Distinct patterns of miRNA-induced secondary siRNA production in cytoplasmic and nuclear exosome mutants. (A) Metaplot of siRNA read densities (RP10M) along miRNA target transcripts with significantly higher siRNA production in mutants than in wild-type. Position 0 is defined by miRNA-guided cleavage sites. (B) An example of ectopic secondary siRNA accumulation on a known miRNA target, PHB, in ski2-5 and rrp4 mutants, but not in hen2-5. (C) An example of ectopic secondary siRNA accumulation from a known miRNA target, TCP2, in hen2-5 and rrp4 mutants, but not in ski2-5. Plots are organized as in Figures 2C and 3B. (D) Heatmap of known miRNA targets with significantly more siRNAs produced in ski2-5, hen2-5 and rrp4 compared to WT (Padj. < 0.05). In the heatmap, the z-score of the mean RPM of siRNAs mapped to each miRNA target in WT, ski2-5, hen2-5 and rrp4 are used. The heatmap is clustered by targets. Small RNA libraries prepared from biological triplicates were used for all analyses presented in this figure. (E) Euler diagrams showing overlap in siRNA-producing miRNA targets between ski2-5 and hen2-5 mutants. (F) Abaxial side of detached first true leaves of Col-0, ski2-5, hen2-4 and hen2-4/ski2-5. (G) Rosette phenotypes of Col-0, ski2-5, hen2-4 and hen2-4/ski2-5 mutants. The plants were photographed after 25 days of growth.

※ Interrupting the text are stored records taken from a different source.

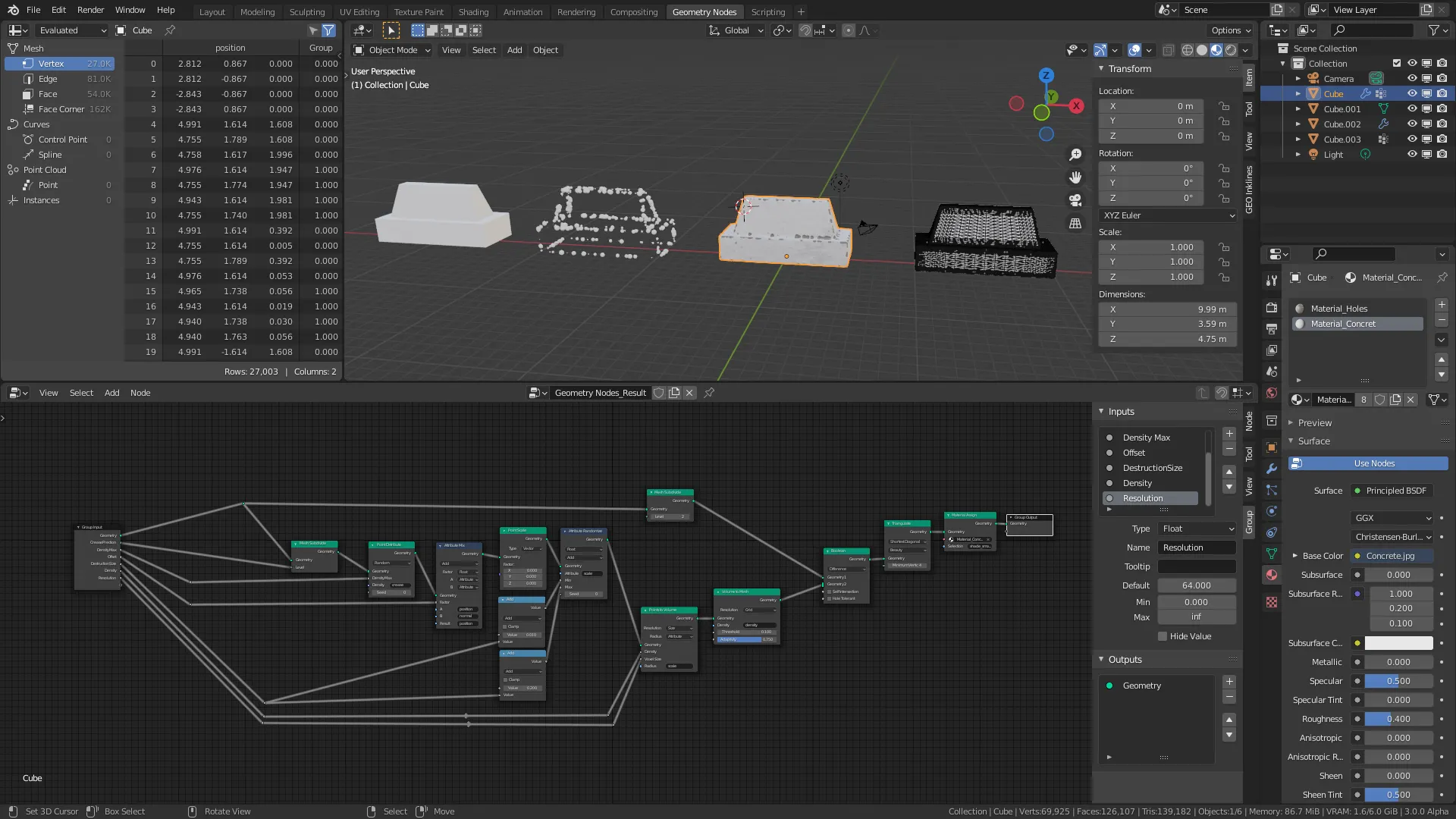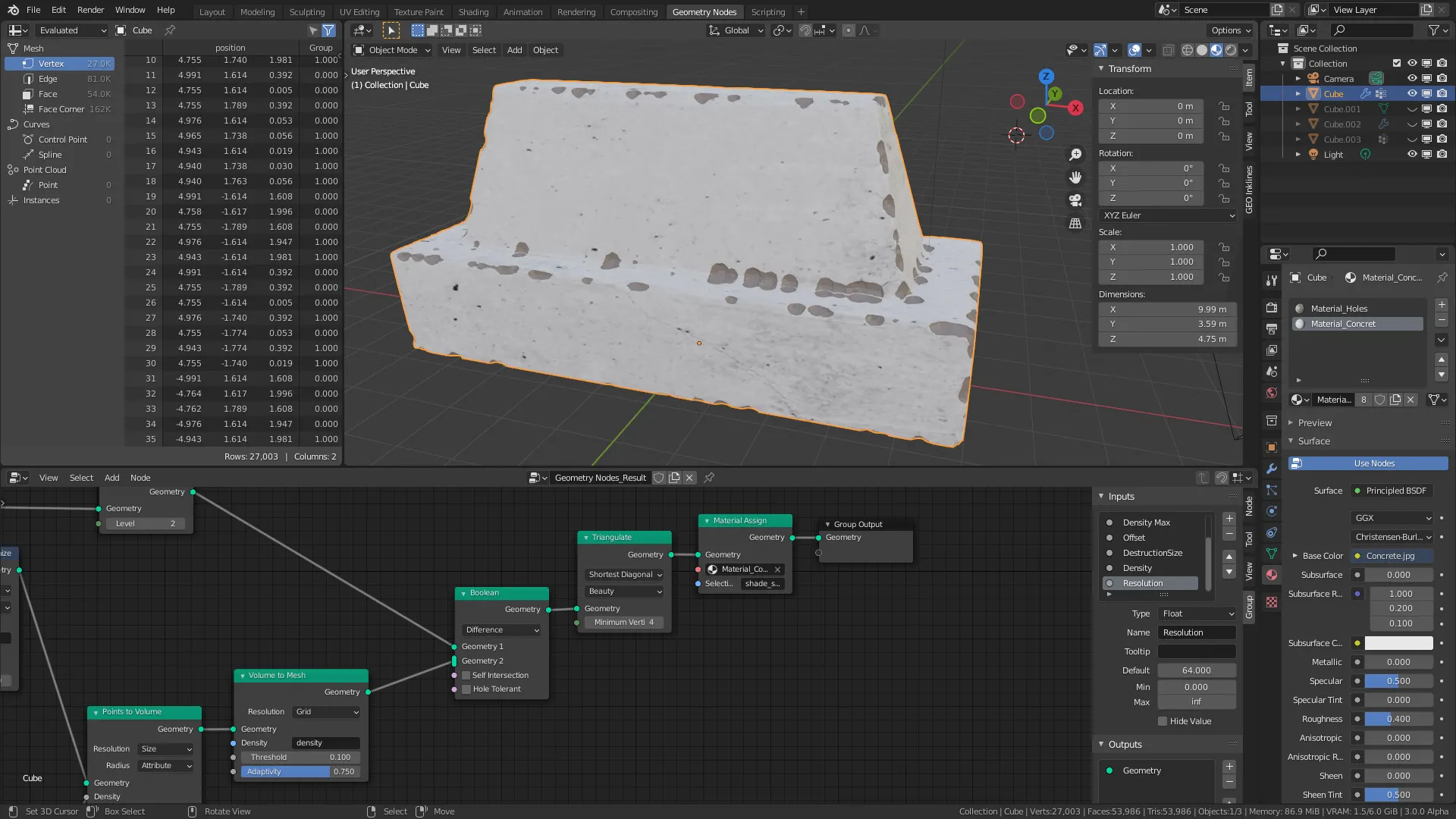 Blean으로 오브젝트를 Difference로 빼고나서 Material Assign노드로 Shade Smooth 속성이 적용된 Face에 콘크리트 재질의 메터리얼을 다시 어싸인 해줍니다.
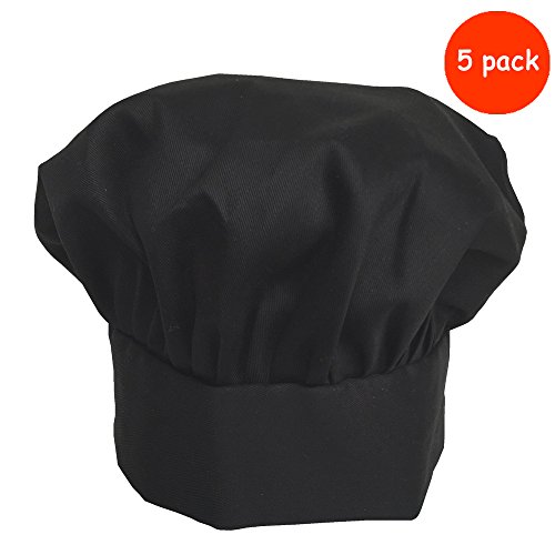 Wtape Size Adjustable Professional Kitchen Cooking Chef Hat, Black Chef Hats for Chef 5 Pack
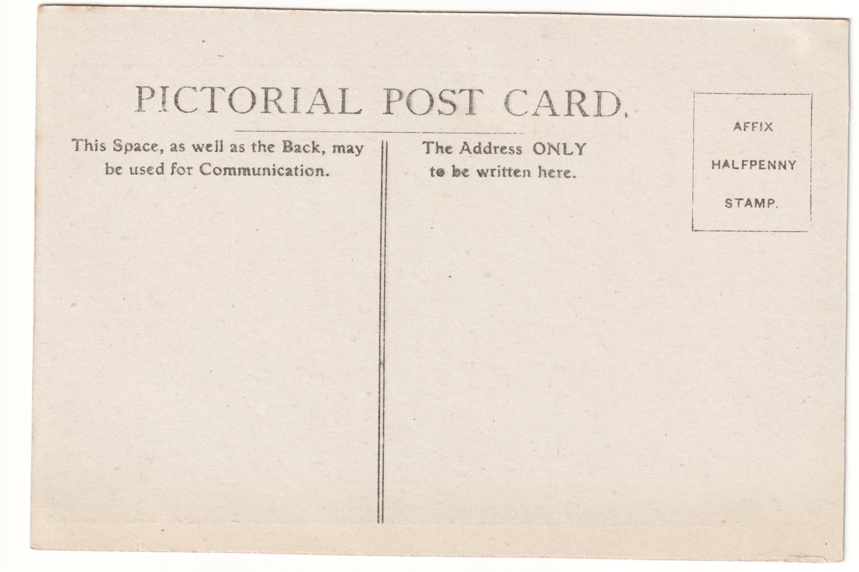 This card appears to be from the same series and publisher as 19050906-OckStreet. This is based on the half-tone printing, script in the bottom left of the image, and identifical reverse printing. I'm not sure who the person on the left might be - they appear to be wearing a small apron so it's likely that they worked in some sort of skilled or technical trade.
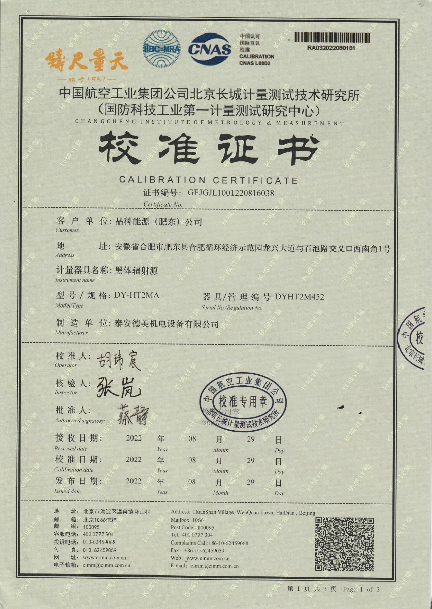 晶科能源(肥東)公司-黑體輻射源 2022-9-5 本文被閱讀 12262 次
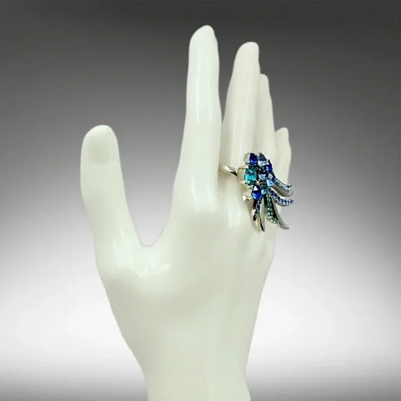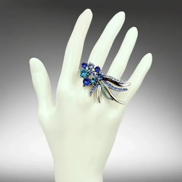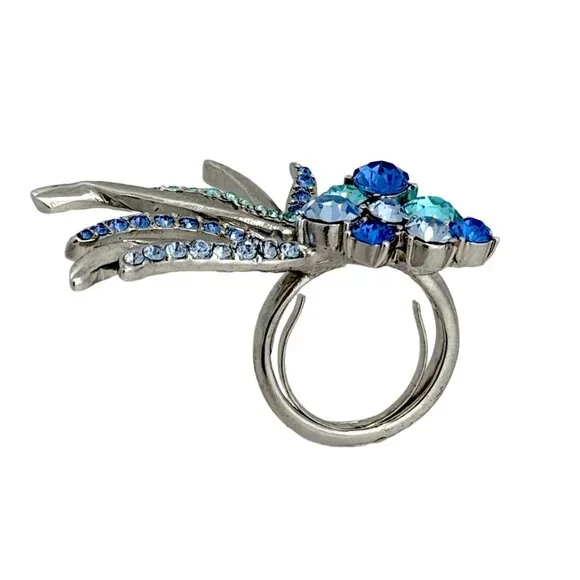 Oscar de la Renta Blue Comet Ring with Pavé Trails in Silvertone & Austrian Crystal Make a bold statement with the Oscar de la Renta Blue Comet Ring, a celestial-inspired...
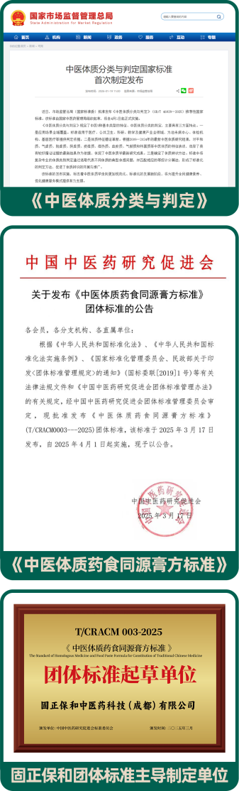 2025年3月17日,由中国中医药研究促进会发布,中国中医科学院中药研究所、固正保和中医医学研究院牵头同制定的《中医体质药食同源膏方标准》(T/CRACM0003--2025)经国家标准化管理委员会审核通过,正式发布实施。
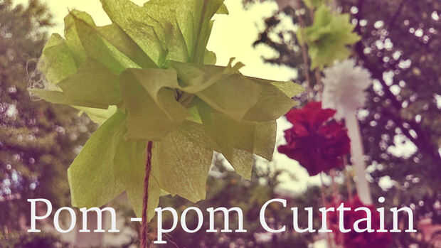 aquí es mi cortina de la puerta de la cocina. He hecho de un pedazo de tela vintage de que mi tía abuela me dio. Es 93 y no puede recordar cuando ella compró, pero encanta iI. He añadido una cabecera moña con pompones.
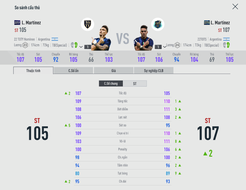 2. Dứt điểm : dứt điểm của mùa 22TY là tốt hơn, và nó thể hiện rõ nhất ở khoản dứt điểm ZD ở gameplay này, tuy nhiên nếu dứt điểm 1vs1 thông thường trong vòng cấm thì 22TS lại tốt hơn, nếu bạn là người chơi theo lối căng ngang từ cánh vào để Martinez băng vào vole hay băng cắt thì 22TS lại phù hợp hơn
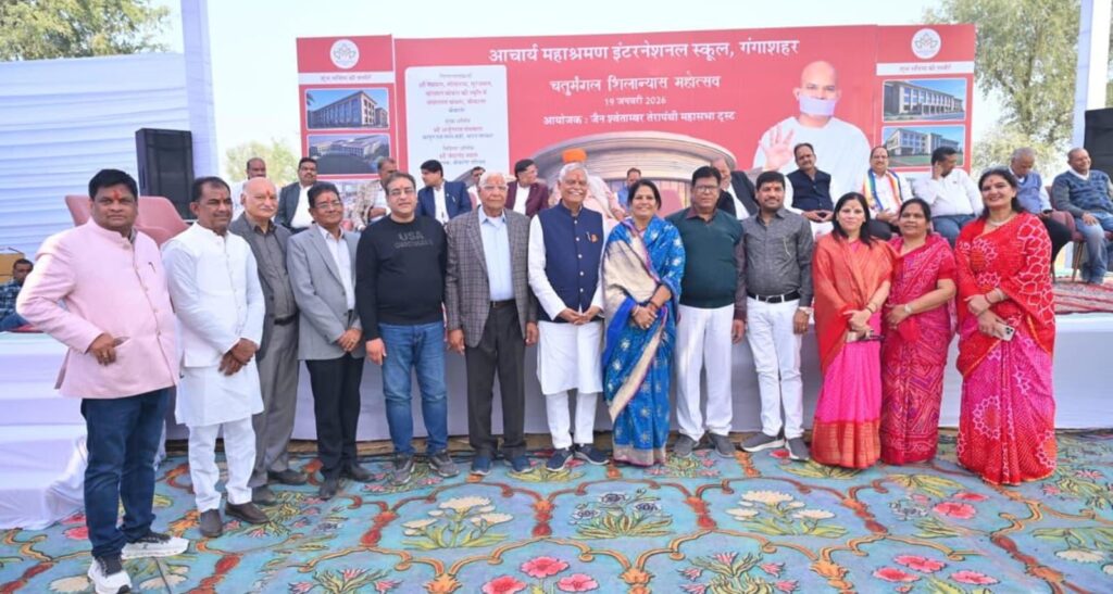 बीकानेर, 19 जनवरी। जैन श्वेताम्बर तेरापंथी महासभा ट्रस्ट द्वारा आचार्य महाश्रमण इंटरनेशनल स्कूल का चतुर्मंगल शिलान्यास महोत्सव का आयोजन 19 जनवरी 2026, सोमवार को किया गया। आयोजन से जुड़े पूर्व यूआईटी चैयरमेन महावीर रांका ने बताया कि पूरे भारत में आचार्य महाश्रमण इंटरनेशनल स्कूल की 108 से अधिक शाखाएं प्रारंभ होने का लक्ष्य रखा गया है। इसी शृंखला में प्रथम चार स्कूलों का शिलान्यास रविवार को श्रीडूंगरगढ़, गंगाशहर, नोखा एवं भुज में किया गया है।  खास बात यह है कि उक्त चारों स्थानों पर 1:30 बजे एक साथ शिलान्यास किया गया।
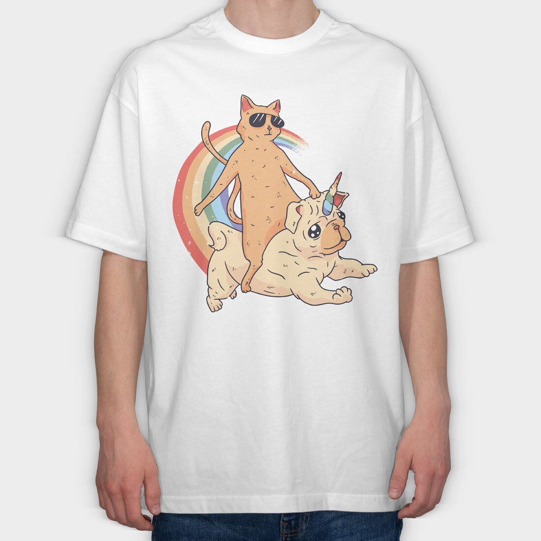 Cat Riding Dog Unicorn, Tricou Oversize Barbati (Unisex)
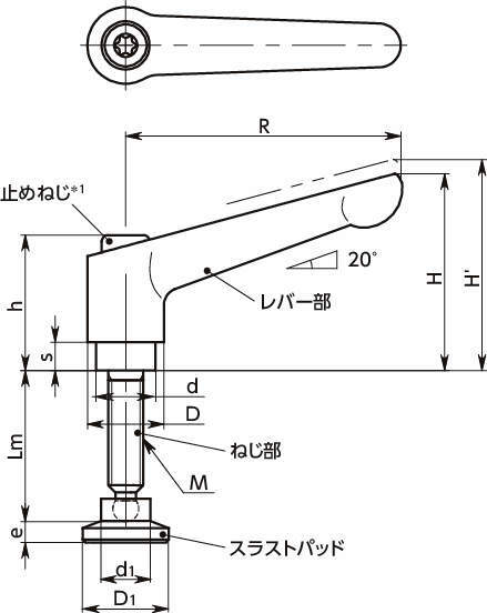 クランプレバー スラストパッドつき(おねじ) LDM-SGB-SBP
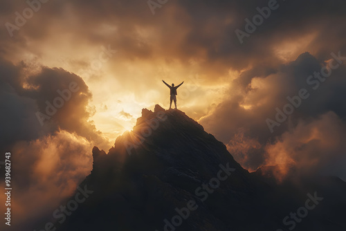Man standing on the top of a mountain with his arms out, Solitary goals and achievements, peace and happiness, success concept
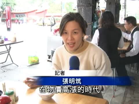 【新唐人2011年3月10日訊】各類民生物價齊聲喊漲,很多小吃業者已經忍不住喊漲。不過我們的記者還是在臺北市區找到廉價又美味的小吃,老闆娘說,他們在大龍峒做生意快廿年了,無論物價怎麼上揚,老闆娘始終堅持不漲價。只是這波物價漲勢兇猛,連老主顧都看不下去,勸她調整價格才能反映成本。

Illicit secondary siRNAs are not phased

We next analyzed the miRNA-induced siRNA populations in ski2, hen2 and rrp4 for phasing relative to the cleavage site, as this may reveal important insight into their mechanism of generation. A phased pattern of accumulation implies that secondary siRNAs resulting from the initial miRNA-dependent recruitment of RDR6 do not trigger further amplification, because small RNA-guided cleavage by AGO1 occurs opposite of nucleotides 10–11 of the guide RNA, thus leading to a 10-nt phase shift if re-amplification occurs (Figure 6A). In contrast, multiple scenarios can explain lack of phasing, including reiterative amplification initially starting from a well-defined point, and single-round amplifications starting from template RNAs not perfectly in phase. We detected no phasing of the illicit siRNA populations mapping to PHB and TCP2, in contrast to the phased TAS1c siRNAs (Figure 6B). At least part of the reason for this result appears to be unaligned 3′-ends of the 5′-cleavage fragments: for PHB, we found that the 3′-most siRNA species, resulting from the first Dicer-catalyzed cleavage event, occurred in at least 6 different phases because of nucleotide tailing and trimming of the PHB 5′-cleavage fragment (Figure 6C).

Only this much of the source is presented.